Arun Kumar Jagatramka, promoter of Gujarat NRE Coke Ltd, was allowed by the National Company Law Tribunal (NCLT) to negotiate a compromise between the company and its lenders after no bids were received for the company even after the mandated 270-day period.
Jindal Steel and Power, one of the unsecured creditors, challenged the tribunal order before the appellate tribunal, which set aside the tribunal’s order, saying that in the absence of bids, the company will go into liquidation. The promoters cannot organise settlement, just in order to keep the company a going concern, it said. The Insolvency and Bankruptcy Code (IBC) clearly prohibits promoters from submitting resolution plans for their companies,
Jagatramka had moved the application under Companies Act, 2013, which permits “compromises or arrangements” between companies and their lenders, notes a report in Livelaw.in.

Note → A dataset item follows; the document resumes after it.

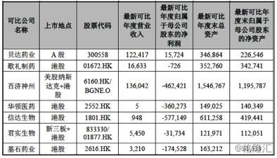 微芯生物可比上市公司财务指标(2018年度,单位:万元摘自微芯生物招股书)
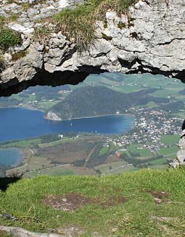 Nachdem man sich etwas erholt hat, steigt man weiter durch den Wald aufwärts, meistert eine Steilstufe mittels einer Eisentreppe, die mit Seilsicherungen versehen ist und gelangt kurz darauf zum Rastplatz "Bründl". Der schöne Blick auf den tief unten liegenden Offensee entschädigt für die Anstrengung.

The NCLT had permitted the former promoter to convene meetings between shareholders and creditors stating that IBC’s larger objective is to keep the companies as going concerns.
After the appellate tribunal, on October 14, 2019, set aside the order, Jagatramka moved the apex court seeking restoration of the tribunal order. However, a bench of the SC, comprising Justice DY Chandrachud and Justice MR Shah stressed that the IBC specifically disqualified former promoters from participating in insolvency process. This disqualification extends to the effort to reach common ground under Companies Act, 2013, it said.